Si ce décret du 1er septembre disposait pour l’avenir ; s’il astreignait les tribunaux, déjà en possession du droit d’homologation et d’insinuation, à communiquer toute demande à cet effet à l’administrateur ; si celui-ci était tenu de veiller aux cas de contravention ; si le commissaire impérial, exerçant le ministère public, était aussi obligé de surveiller l’exécution de ce décret : comment se pouvait-il que, huit jours après, l’empereur donnât à Inginac seul le droit d’examiner les titres des propriétaires, afin de prononcer l’envoi en possession de ceux qu’il jugerait fondés et la réunion aux domaines des autres propriétés ? Ou il fallait retirer aux tribunaux le droit d’homologation et d’insinuation, pour continuer à l’administration l’examen et la décision de ces questions ; ou, en le leur confirmant par ce décret, entouré de toutes ces précautions, il fallait les laisser agir.

Ce fut moins une violence, une inconséquence de l’empereur, qu’une faute qu’on lui fit commettre en cette occasion, et qui devint fatale à son autorité et à sa personne. Car, si dans le cours ordinaire des choses, l’autorité judiciaire est la gardienne naturelle du droit de propriété, — dans les circonstances où se trouvait le pays, on ne pouvait refuser à l’administration, au gouvernement, la faculté, le droit de sauvegarder les intérêts du domaine public. C’était donc plutôt à loi qu’à l’autorité judiciaire, que revenait la mission de juger et de reconnaître les droits des citoyens qui se prétendaient propriétaires des biens qui avaient réellement appartenu aux colons, et qui présentaient des actes translatifs de ces propriétés et plutôt simulés ou extorqués que réels. Tout ce qu’on avait à attendre de lui, c’était qu’il ne mît aucune passion dans l’examen de ces actes, qu’il prescrivît des formalités à observer par les particuliers, dont les titres d’anciennes propriétés avaient pu se perdre dans le cours de la révolution[25].

S’il est vrai comme cela paraît assez constant, que Boisrond Tonnerre, dans ses vues perfides, poussait Dessalines à des actes arbitraires pour le faire haïr, il est à remarquer qu’il fut le rédacteur du décret du 1er septembre, qu’il le contresigna eu l’absence de J. Chanlatte, et que cet acte, suivi de la lettre à Inginac, du 8, contribua beaucoup à ce funeste résultat.

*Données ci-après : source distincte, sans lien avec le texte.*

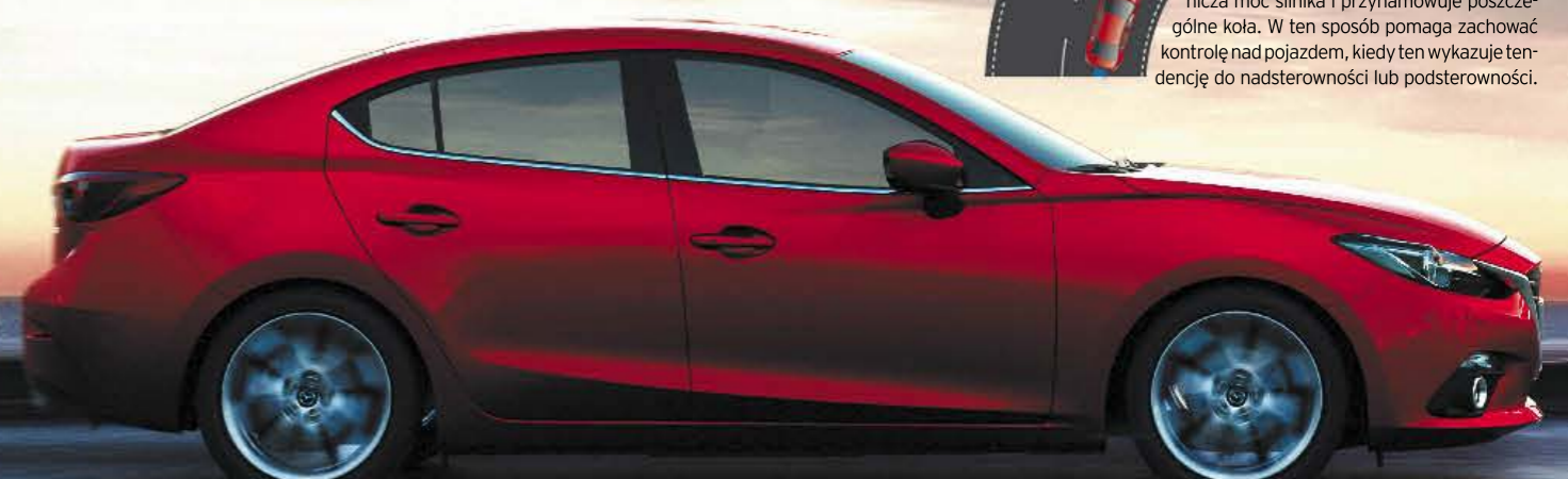
DSC - Ta technologia sprawia, że samochód zachowuje się stabilniej podczas pokonywania zakrętów lub gdy nagle musisz ominąć przeszkodę. Układ automatycznie ogranicza moc silnika i przyhamowuje poszczególne koła. W ten sposób pomaga zachować kontrolę nad pojazdem, kiedy ten wykazuje tendencję do nadsterowności lub podsterowności.

Un autre décret publié le 2 septembre par l’empereur, tend à prouver que, s’il trouva tant d’irrégularités et de fraudes dans l’administration des Cayes, à l’égard de laquelle il était hostile à cause des préventions qu’il avait contre les personnes, son gouvernement en était en quelque sorte responsable, pour n’avoir pas réglé les finances ou leur perception plus convenablement depuis trois ans qu’il régnait ; et cela ne doit pas encore étonner, lorsqu’on se rappelle que personnellement, il n’y entendait lieu, que son ministre des finances était un ignorant, que le chef des bureaux de ce dernier était un homme dont la corruption trouvait son compte à tout laisser dans le vague de l’arbitraire, pour mieux exploiter les agents comptables. Lisons une partie de ce décret pour comprendre cet état de choses.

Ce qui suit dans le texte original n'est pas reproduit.